Bing Liu, a University of Pittsburgh research assistant professor studying COVID-19, was found shot and killed in his townhouse on Saturday in what was apparently a murder-suicide, authorities say.
Officials found Liu in his home in Ross Township, Pennsylvania, with gunshot wounds to his torso, neck, and head. Local police say they believe a second man, software architect Hao Gu, 46, who was found dead in his car, may have shot Liu before shooting himself.
According to a statement issued by the university’s Department of Computational and Systems Biology, Liu was “on the verge of making very significant findings toward understanding the cellular mechanisms that underlie SARS-CoV-2 infections and the cellular basis of the following complications.” Dr Ivet Bahar, the head of the Computational and Systems Biology Department, told the Pittsburgh Post-Gazette that Liu “was just starting to obtain interesting results” in his work on the virus.
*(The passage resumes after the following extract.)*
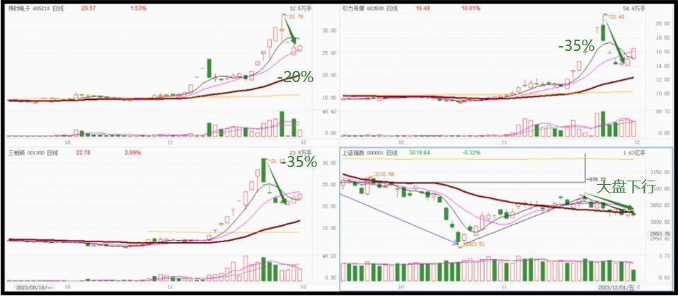 在11月下旬的8个交易日中,从5支股票中海选出3支准龙头,都没能晋级成功,如果乱操作,那么后果不堪设想。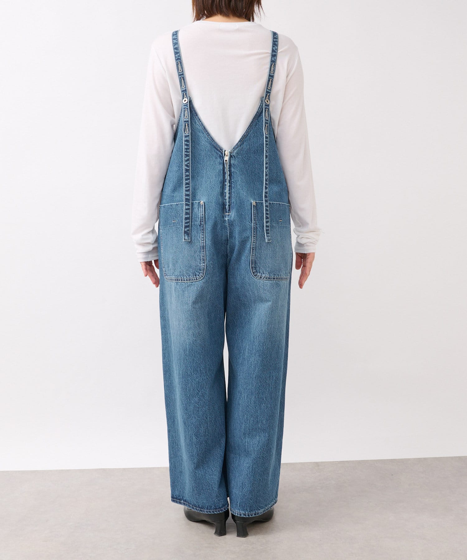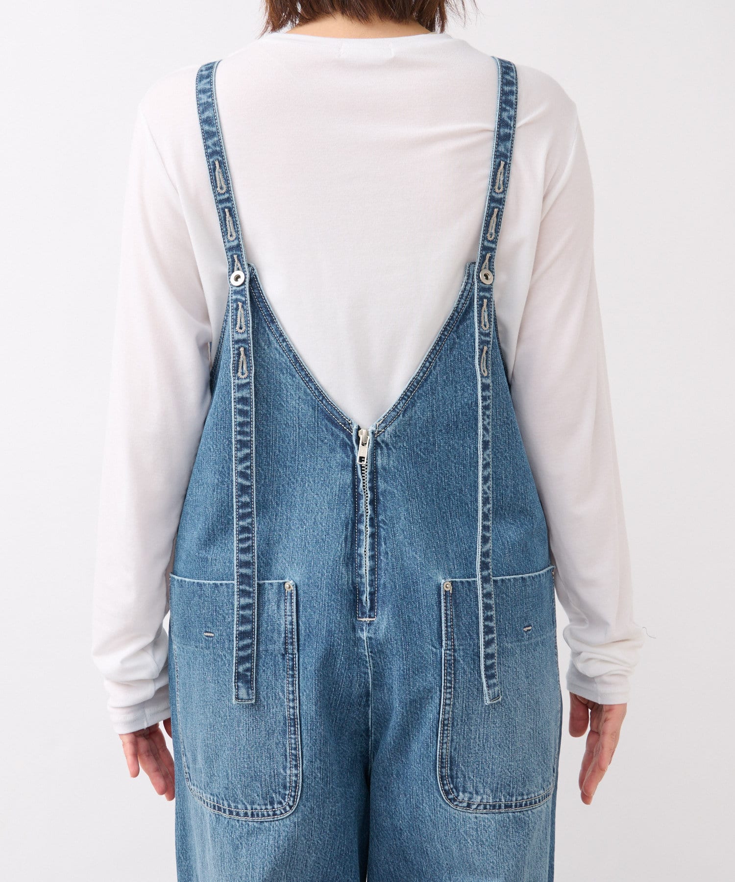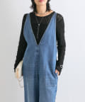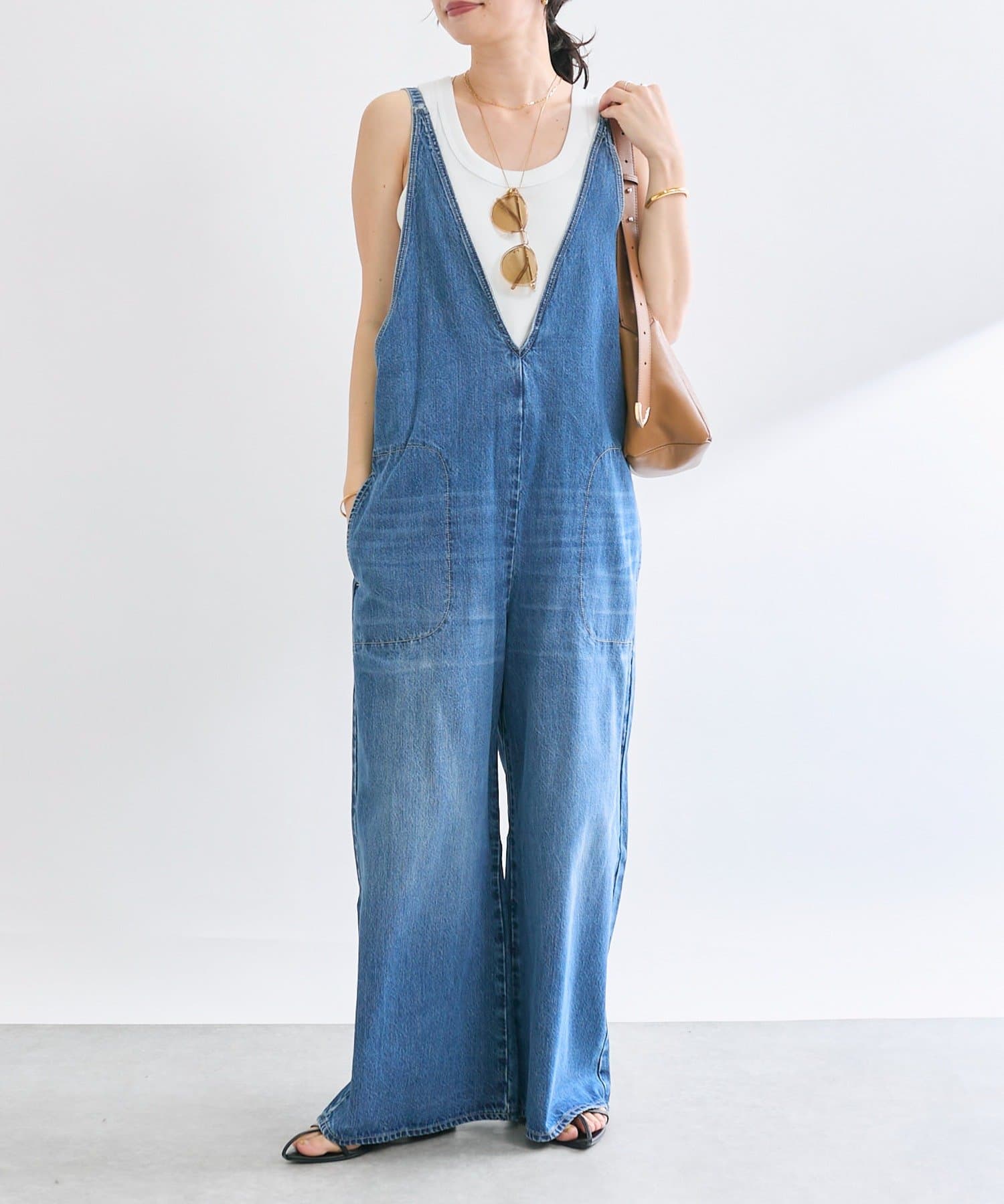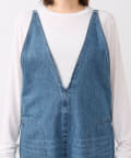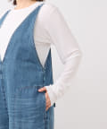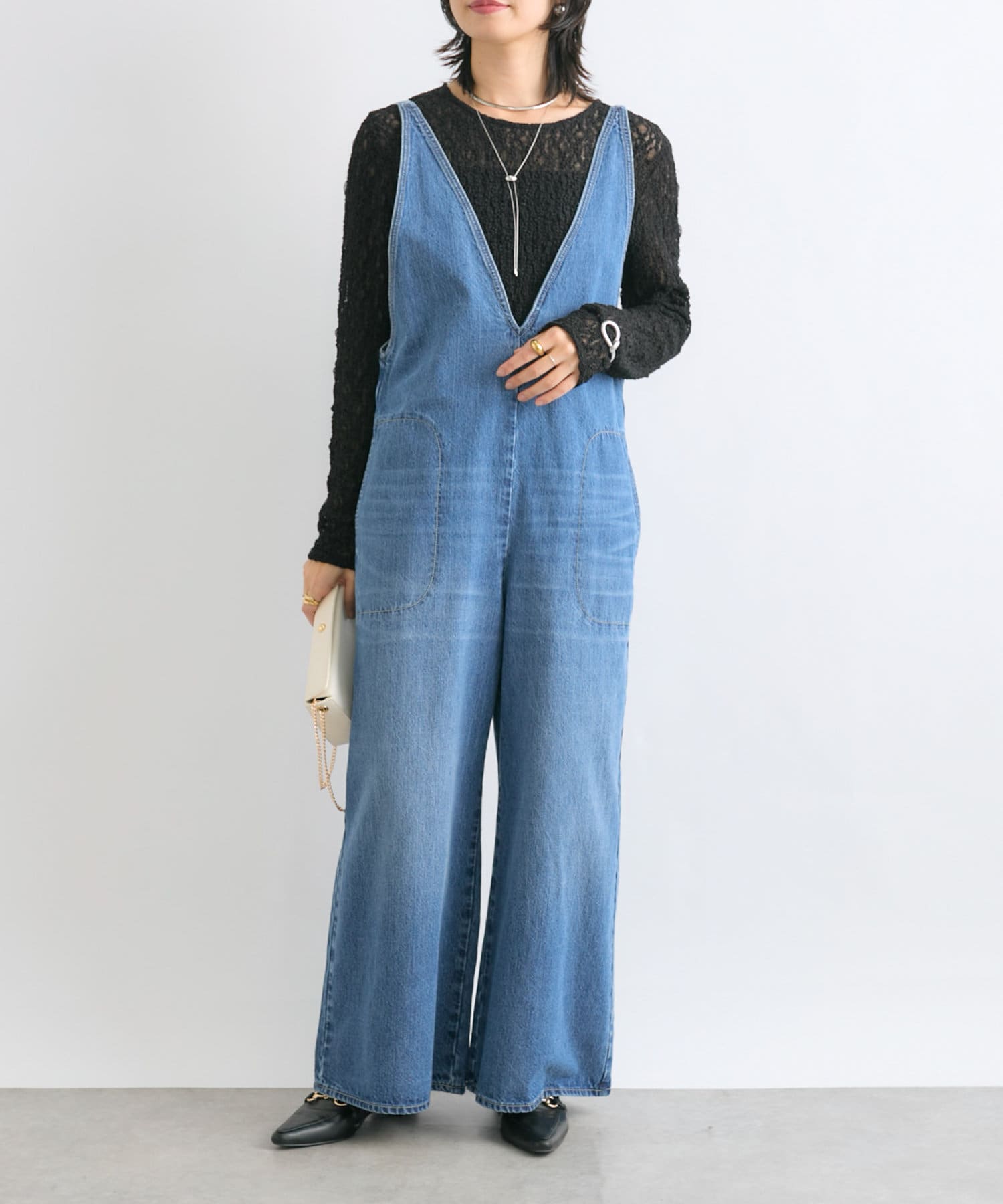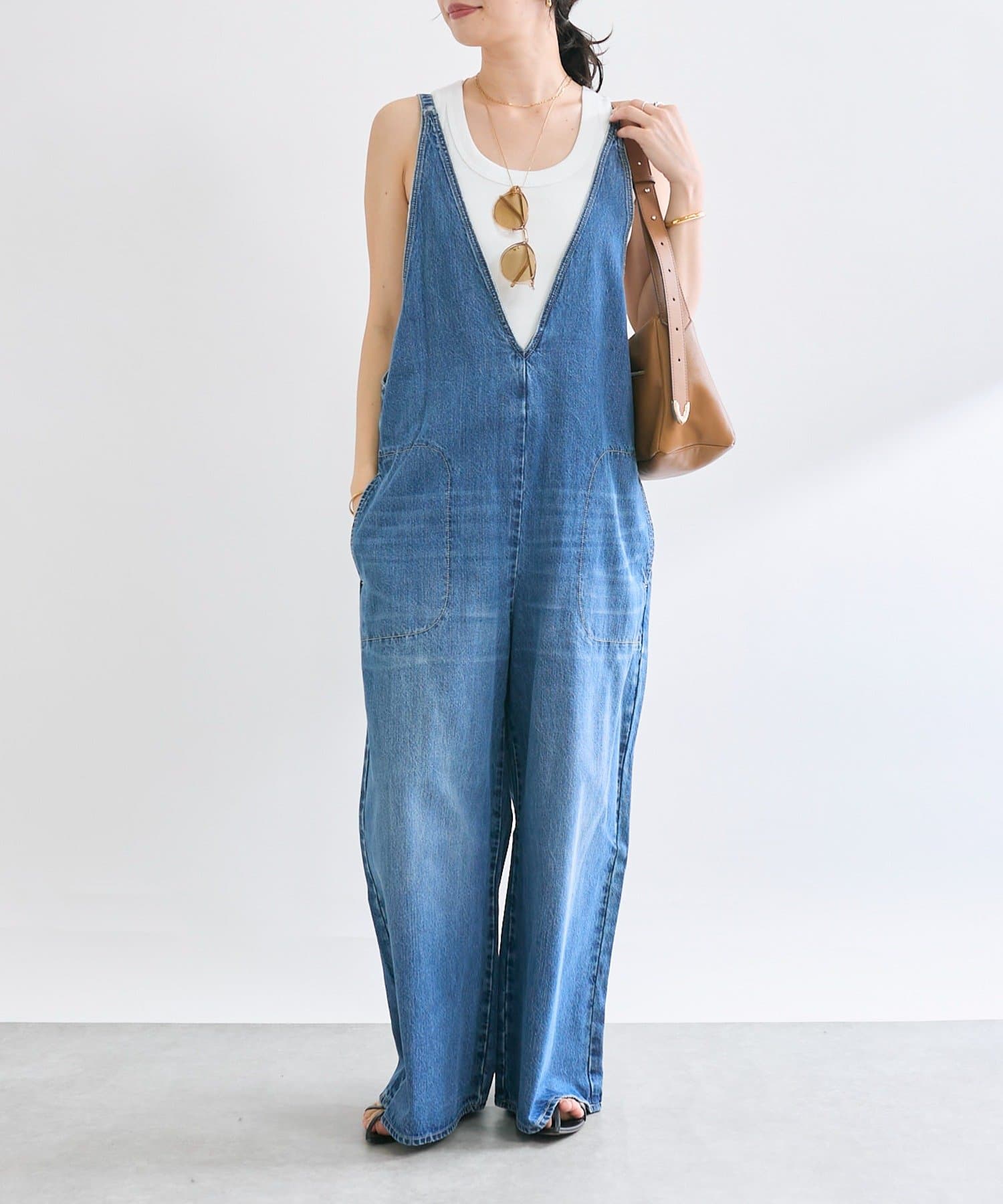 深く切れ込んだプランジネックがポイントのデニムサロペット。

Perhaps unsurprisingly, conspiracy theorists (who have been hard at work sowing misinformation during the pandemic) have already latched onto Liu’s passing, with some incorrectly linking him to a team at the University of Pittsburgh School of Medicine that had been working on a COVID-19 vaccine candidate. In a statement, however, Ross police Sgt. Brian Kohlhepp said that they found “zero evidence that this tragic events has anything to do with employment at the University of Pittsburgh, any work being conducted at the University of Pittsburgh, and the current health crisis affecting the United States and the world.”
Police suggested that Liu’s death may have resulted from “a lengthy dispute regarding an intimate partner,” though they did not reveal any additional details about the relationship between him and Gu.